We hold space for cultural memory to return, and for African worldviews to shape regenerative futures grounded in justice for human and more-than-human beings. Together with Earth Jurisprudence practitioners across the continent, we are reviving indigenous knowledge, practicing agroecology, growing traditional seeds to strengthen food sovereignty, and protecting Sacred Natural Sites: holistically enhancing resilience to the crises of our time.

“African ways of seeing and being mirror the abundance and generosity so often witnessed in nature”

This approach strengthens confidence in African ways of seeing and being that mirror the abundance and generosity so often witnessed in nature. From this perspective, it is right and just to share seeds, food, one’s hearth, and one’s home. There are customary laws that support these acts, which are the foundations of responsibility, justice, and respect that nourish biocultural diversity.

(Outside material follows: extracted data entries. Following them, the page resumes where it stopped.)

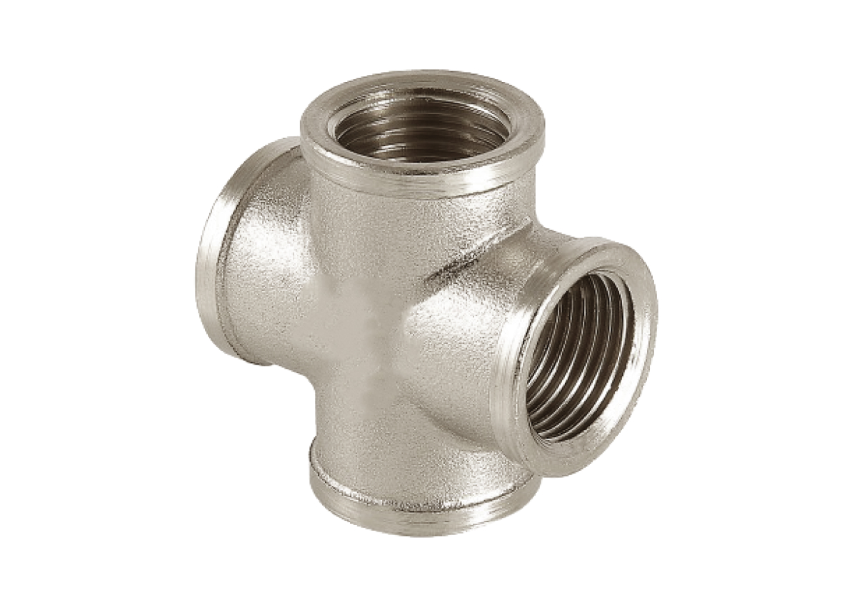 Крестовина с никелевым покрытием (внутр.) — латунный четырехсторонний фитинг, равнопроходной. Резьба — внутренняя, цилиндрическая трубная по ГОСТу 6357-81. Фитинги рассчитаны на рабочее давление (PN) 2,5 и 4,0 Мпа и температуру транспортируемых сред от -20 до +150 °С.
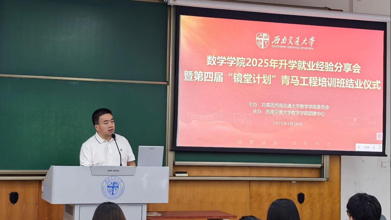 为全面贯彻党的二十大和二十届二中、三中全会精神,深化基层团组织建设,帮助团学干部及2026届毕业生做好生涯规划,提升就业竞争力,5月29日,2138cc太阳集团2025年升学就业经验分享会暨第四届“镜堂计划”青马工程培训班结业仪式于X4357举行。学院党委副书记黄祥、辅导员曾丹出席活动,2022级全体学生及青马工程学员参加。活动由辅导员杨引主持。
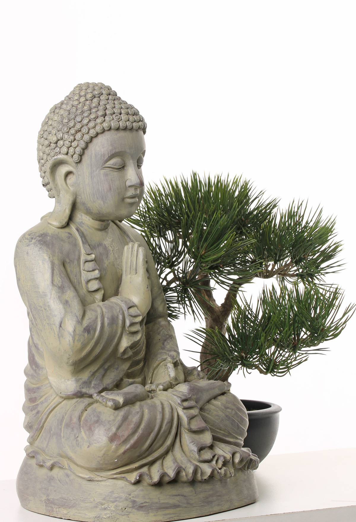 Figurine de Bouddha SHANTA, assis en train de méditer, gris, 45cm
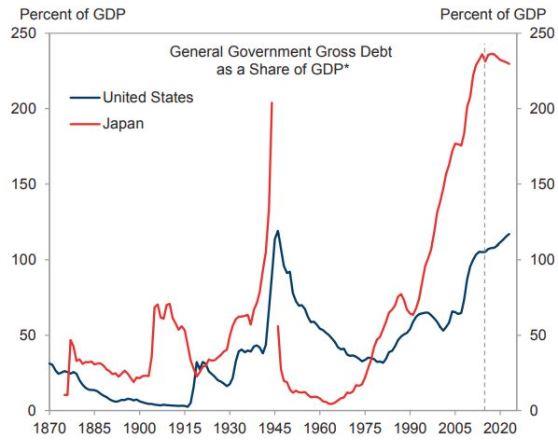 - Predicting the future is a fickle thing, but a common concern is that the U.S. will go the way of Japan with the amount of debt we are taking on as a percentage of GDP.

Method with Elders from Bikita. Photo: Sara Davies

Once again, I see people coming together through traditional practices such as Jangano and Lilima, to share work in the fields, and to celebrate with nutritious home-grown food and home-brewed beer. Now, when I walk from one village to another, I feel the broader landscape healing around me. I feel my heart swell with love, and I am immensely grateful that life returned me to my roots

This story from Earth Jurisprudence Practitioner, Method Gundidza, about his work with the EarthLore Foundation, formed part of Rooted Magazine’s issue on weaving resilience and resistance: presenting insights from Indigenous strategies for cultural survival in Colombia, Palestine, Denendeh (Canada), Zimbabwe, Kenya and Mali. It was published in conjunction with the 3rd Nyéléni Global Forum, a landmark convergence of grassroots movements from around the world in September 2025 in Sri Lanka.